Task instructions: Starting at the first line and ending at the one with "Ever felt like", give the lines of the listing again exactly, and nothing else; skip the pictures.

The data:
↓↓↓

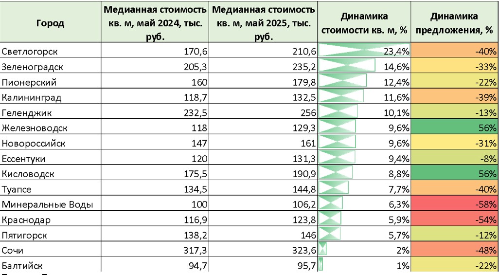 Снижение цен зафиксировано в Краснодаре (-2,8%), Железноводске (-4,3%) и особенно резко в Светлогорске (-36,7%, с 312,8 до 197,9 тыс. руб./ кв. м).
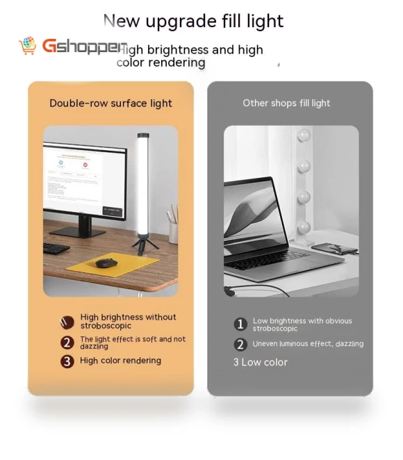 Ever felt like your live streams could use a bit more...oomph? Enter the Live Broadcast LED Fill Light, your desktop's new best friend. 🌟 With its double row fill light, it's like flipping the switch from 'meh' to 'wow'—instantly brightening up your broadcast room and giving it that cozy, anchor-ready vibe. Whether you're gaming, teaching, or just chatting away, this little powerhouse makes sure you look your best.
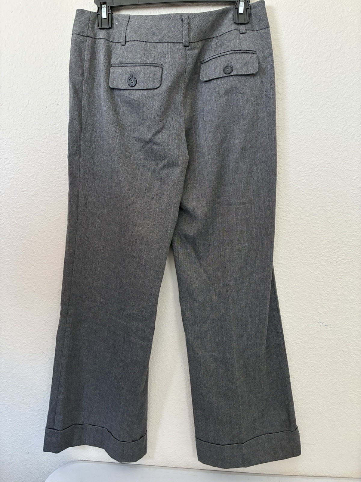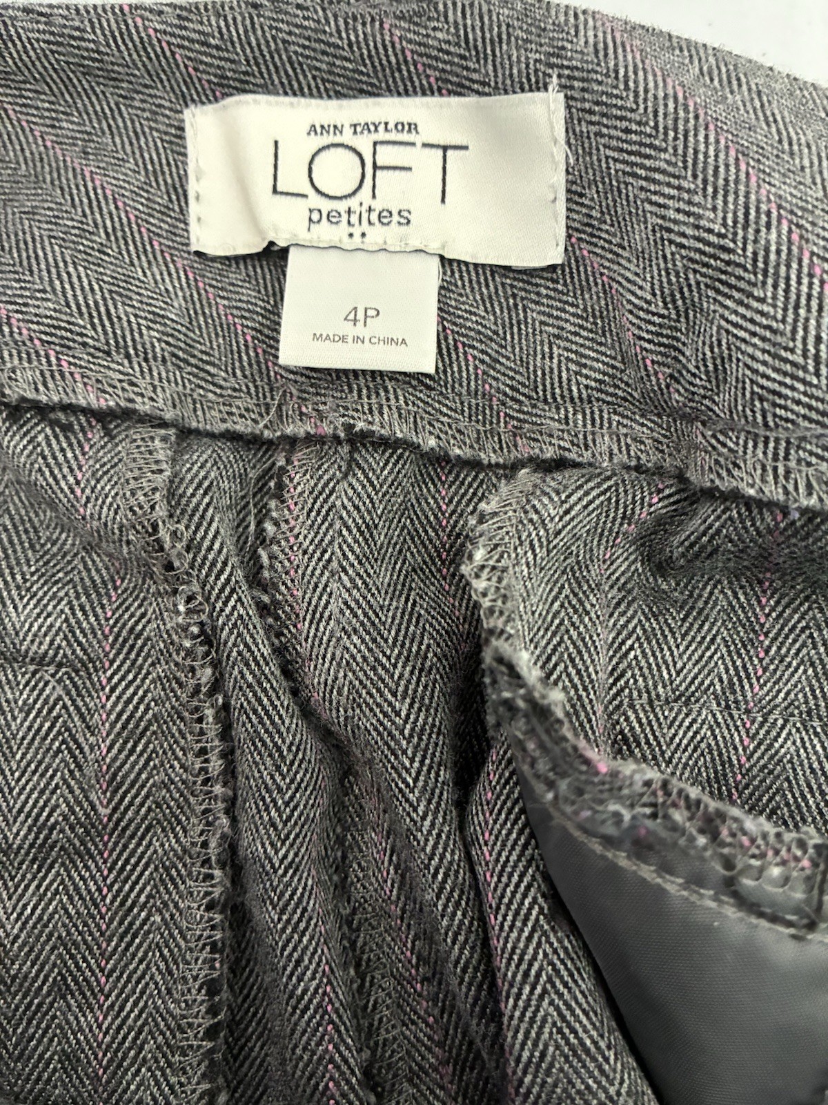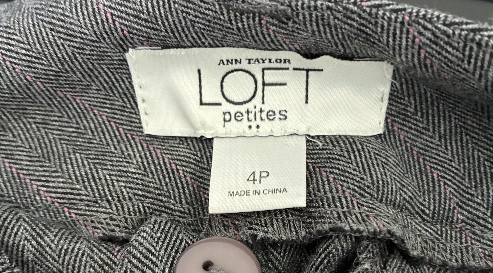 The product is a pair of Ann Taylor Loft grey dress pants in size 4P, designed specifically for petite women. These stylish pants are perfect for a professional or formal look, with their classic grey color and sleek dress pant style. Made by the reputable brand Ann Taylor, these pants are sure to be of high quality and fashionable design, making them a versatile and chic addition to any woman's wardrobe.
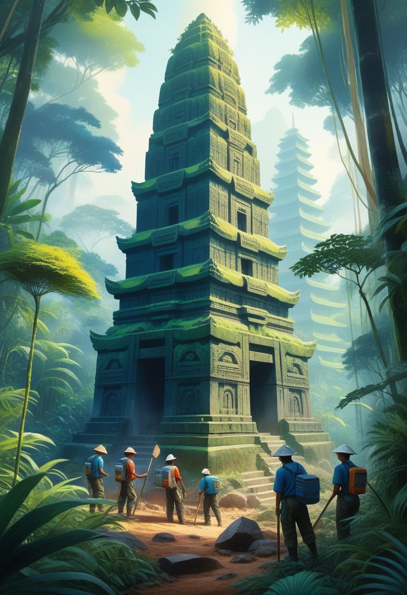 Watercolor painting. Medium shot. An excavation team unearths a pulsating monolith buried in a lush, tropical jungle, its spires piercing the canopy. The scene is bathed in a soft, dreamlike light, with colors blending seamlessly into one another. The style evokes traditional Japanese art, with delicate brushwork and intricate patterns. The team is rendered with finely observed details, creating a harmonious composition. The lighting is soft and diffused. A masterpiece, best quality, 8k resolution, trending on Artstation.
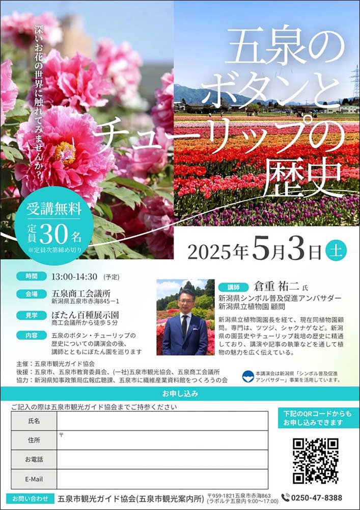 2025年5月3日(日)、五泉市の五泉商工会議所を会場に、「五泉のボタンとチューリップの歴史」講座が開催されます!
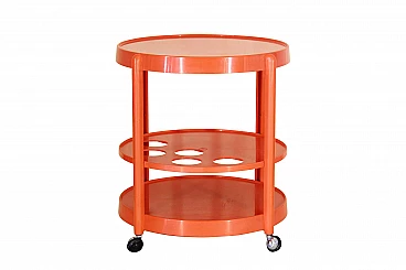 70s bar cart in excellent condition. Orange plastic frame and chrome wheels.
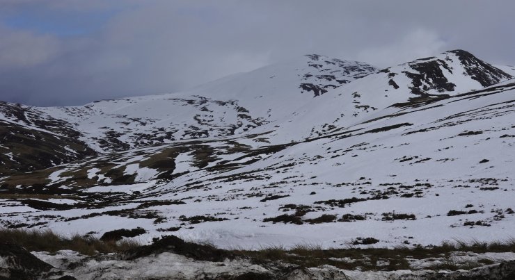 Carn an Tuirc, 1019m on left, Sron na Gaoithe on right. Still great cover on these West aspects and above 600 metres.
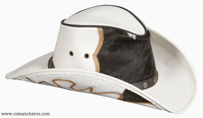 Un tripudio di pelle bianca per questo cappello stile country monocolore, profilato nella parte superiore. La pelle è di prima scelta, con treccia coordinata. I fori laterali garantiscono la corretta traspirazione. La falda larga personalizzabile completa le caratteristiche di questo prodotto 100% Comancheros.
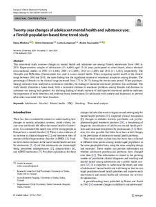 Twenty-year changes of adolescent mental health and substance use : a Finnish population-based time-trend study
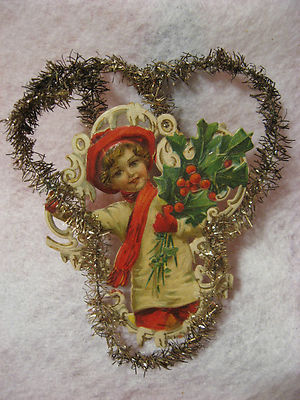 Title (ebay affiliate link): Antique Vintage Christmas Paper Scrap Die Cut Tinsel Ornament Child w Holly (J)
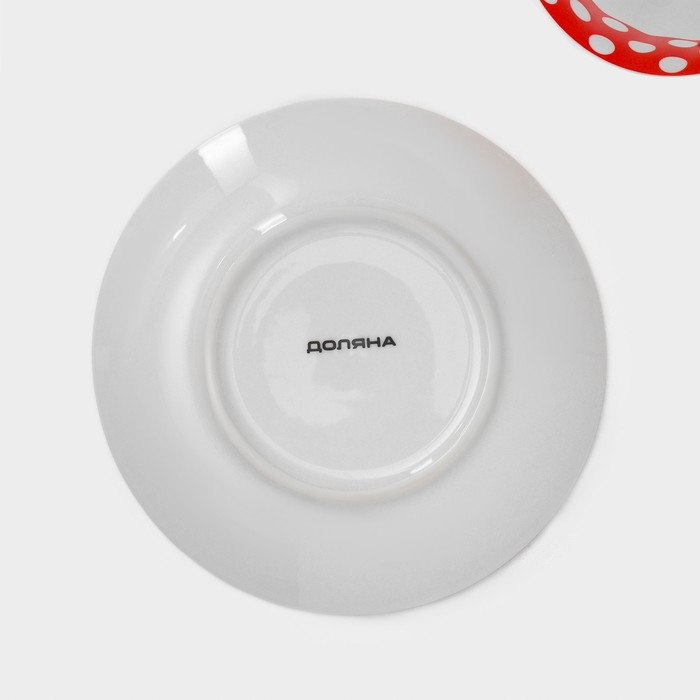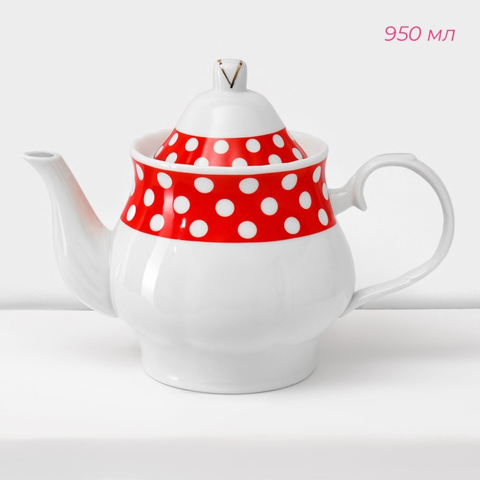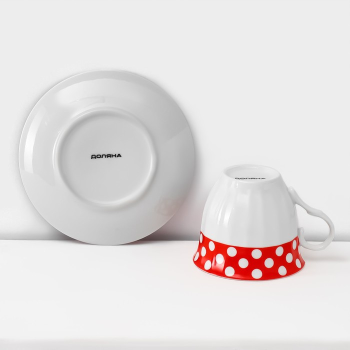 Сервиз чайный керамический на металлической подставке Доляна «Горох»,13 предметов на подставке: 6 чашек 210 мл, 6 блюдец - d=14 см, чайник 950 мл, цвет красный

↑↑↑

Exercise result:
 Снижение цен зафиксировано в Краснодаре (-2,8%), Железноводске (-4,3%) и особенно резко в Светлогорске (-36,7%, с 312,8 до 197,9 тыс. руб./ кв. м).
 Ever felt like your live streams could use a bit more...oomph? Enter the Live Broadcast LED Fill Light, your desktop's new best friend. 🌟 With its double row fill light, it's like flipping the switch from 'meh' to 'wow'—instantly brightening up your broadcast room and giving it that cozy, anchor-ready vibe. Whether you're gaming, teaching, or just chatting away, this little powerhouse makes sure you look your best.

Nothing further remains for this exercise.